Using the gomi binary
To calculate MI_W with the binary, use the following command line parameters:
gomi -mi MI_W -file musfib.csv -wi 1,2,3 -ai 9 -v -bins 300 -o MI_W.csv
The file musfib was used in [1] and can be downloaded here.
Explanation of the command line options used in the example above:
| Option | Explanation |
|---|---|
| -mi MI_W | Chooses MI_W as the measure |
| -file musfib.csv | Data is provided in the file musfib.csv |
| -wi 1,2,3 | Columns 1,2,3 of the data provided in musfib.csv define the world state (counting starts with 0) |
| -ai 9 | Column 9 of the data provided in musfib.csv defines the action state (counting starts with 0) |
| -v | gomi will print useful information while it is running and it will print the result |
| -bins 300 | Global definition of the binning. This value will be used for each of the four columns |
| -o MI_W.csv | The result and the specified parameters will be written to MI_W.csv |
Using gomi as a library
Using gomi as a library The measures implemented in gomi can also be used as a library. The following code snippet gives an example:
package main
import (
"fmt"
"github.com/kzahedi/goent/dh"
goent "github.com/kzahedi/goent/discrete"

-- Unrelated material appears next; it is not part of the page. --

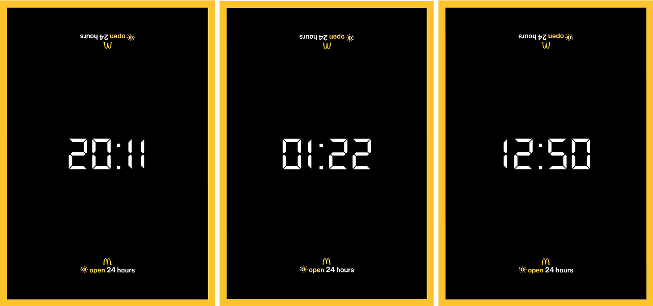 12:50으로 읽든 05:51분으로 읽든, 위아래 화면을 돌려서 시간을 읽어도 괜찮다. 맥도날드는 항상 24시간 열려 있기 때문이다. 맥도날드의 24시간 오픈을 단순하면서도 기발하게 표현한 광고라고 할 수 있다.

mc "github.com/kzahedi/gomi/discrete"
)
func main() {
// W and A are just examples for data. These would usually be read from some data file
// For this example to work, we provide some dummy data
w := [][]float64{{0.0, 1.0},
{0.1, 1.1},
{0.2, 1.2},
{0.3, 1.3},
{0.4, 1.4}}
a := [][]float64{{0.0, 1.0, 2.0},
{0.1, 1.1, 2.1},
{0.2, 1.2, 2.2},
{0.3, 1.3, 2.3},
{0.4, 1.4, 2.4}}
// discretising data. Discrestise(data, bins for each column, min values for each column, max values for each column)
wDiscretised := dh.Discretise(w, []int{10, 10}, []float64{0.0, 0.0}, []float64{1.0, 2.0})

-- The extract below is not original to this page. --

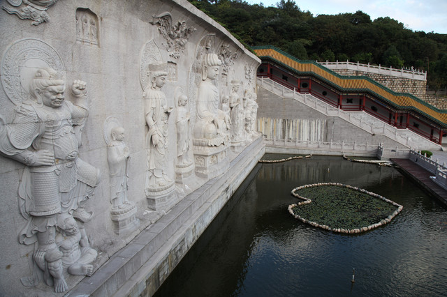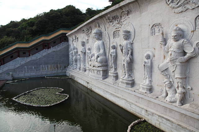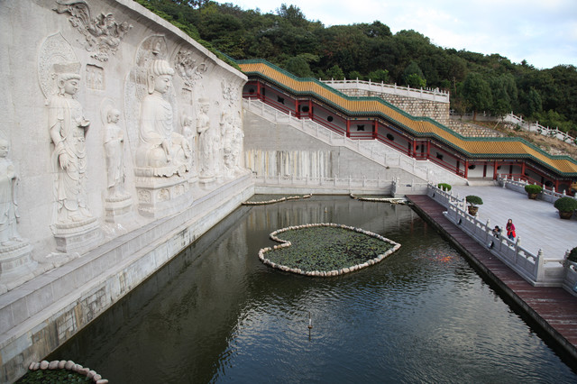 继续沿着陡峭的西侧长廊向上攀登,不一会就来到天池石窟。这是一片硕大的水景,水景中央有一条石链,围成一个大大的“心”字图案,以示敬佛崇佛虔诚之心。

aDiscretised := dh.Discretise(a, []int{10, 10, 10}, []float64{0.0, 0.0, 0.0}, []float64{1.0, 2.0, 3.0})
// univariate variables
wUnivariate := dh.MakeUnivariateRelabelled(wDiscretised, []int{10, 10})
aUnivariate := dh.MakeUnivariateRelabelled(aDiscretised, []int{10, 10, 10})
// creating w', w, a data
w2w1a1 := make([][]int, len(w)-1, len(w)-1)
for i := 0; i < len(w)-1; i++ {
w2w1a1[i] = make([]int, 3, 3)
w2w1a1[i][0] = wUnivariate[i+1]
w2w1a1[i][1] = wUnivariate[i]
w2w1a1[i][2] = aUnivariate[i]
}
// calculating p(w',w,a)
pw2w1a1 := goent.Emperical3D(w2w1a1)
// calculating MI_W
result := mc.MorphologicalComputationW(pw2w1a1)
fmt.Println(result)
}
A complete reference can be found at here.
References:
- K. Ghazi-Zahedi, C. Langer, and N. Ay. Morphological computation: Synergy of body and brain. Entropy, 19(9), 2017.
- K. Ghazi-Zahedi, R. Deimel, G. Montufar, V. Wall, and O. Brock. Morphological computation: The good, the bad, and the ugly. In IROS 2017, 2017.
- K. Ghazi-Zahedi, D. F. Haeufle, G. F. Montufar, S. Schmitt, and N. Ay. Evaluating morphological computation in muscle and dc-motor driven models of hopping movements. Frontiers in Robotics and AI, 3(42), 2016.
- K. Ghazi-Zahedi and J. Rauh. Quantifying morphological computation based on an information decomposition of the sensorimotor loop. In Proceedings of the 13th European Conference on Artificial Life (ECAL 2015), pages 70—77, July 2015.
- K. Zahedi and N. Ay. Quantifying morphological computation. Entropy, 15(5):1887–1915, 2013.